New Brunswick — In an attempt to douse the flames on the anglophone/francophone busing controversy, Education Minister Serge Rousselle has proposed a radical new idea.
“Going forward, all school buses with ridership less than 25% of capacity will be phased out,” said Rousselle. “This applies to both the francophone and anglophone school districts.” When asked how the children will get to school, he responded, “It’s simple really. The government doesn’t want to force anglophones onto a francophone bus or francophones onto an anglophone bus, so we’re simply not going to deal with it.
“Those who have their buses cut will hitchhike to and from school from now on.”
Instruction in hitchhiking will begin in the fall. The curriculum is still being finalized, but will most likely include tips for judging the safety of the ride, weapon concealment, witty conversation suggestions and a sewing class where francophones can sew a little Acadian flag on their backpacks and the anglophones can sew on a little Union Jack.
“The sewing component is important,” explained Rousselle. “We want to increase the possibility that these children will be assured a ride to and from school in the language of their choice.”

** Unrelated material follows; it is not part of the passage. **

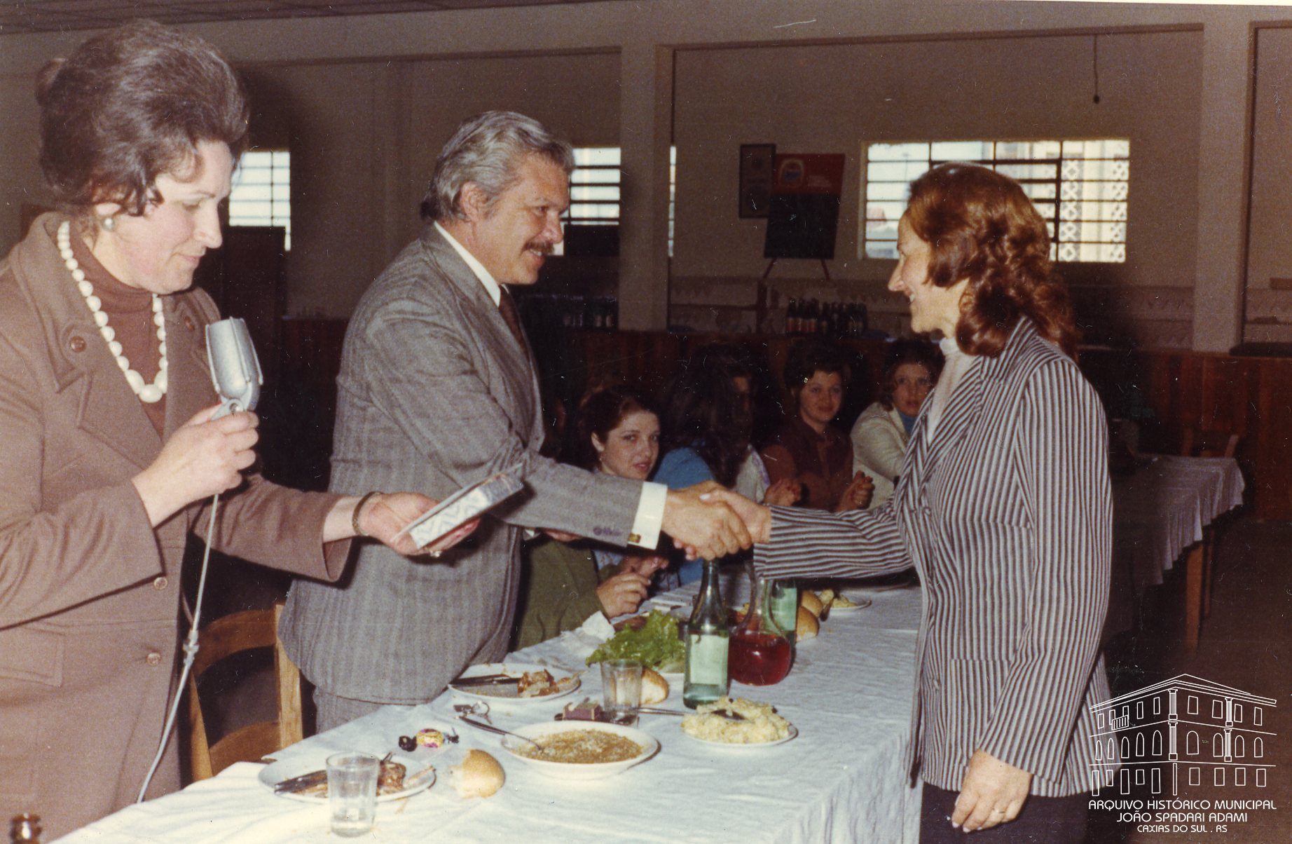 Prefeito Mário Bernardino Ramos na entrega do cartão de prata aos professores municipais aposentados, no dia 15 de outubro de 1973. Ao microfone, Santina Barp Amorim, Secretária Municipal da Educação e Cultura.

Critics of the initiative cited safety concerns for the hitchhiking children.
“I worry like crazy when my 25-year-old daughter hitches down to Halifax!” exclaimed a spokesperson from NOTHUMBS (National Organization To Help Understand My Bus Safely). “I can’t say I blame her with the crappy bus schedule and ridiculous ticket prices, but I still worry! Asking children to step into a stranger’s car is just asking for trouble.”
Some supported the bill wholeheartedly and applauded Rousselle for his innovative solution.
“I drive by that school every day,” commented a retired postal employee who didn’t really seem to have any reason to be at the meeting. “I often take pictures of the cute kids. I can’t wait to give some of them rides.”
“And that is exactly the kind of stuff I’m worried about!” quipped the NOTHUMBS spokesperson.
The minister remained firm. “We have a long tradition of hitchhiking in the Maritimes. This initiative has the added bonus of teaching children about self-reliance and safety.”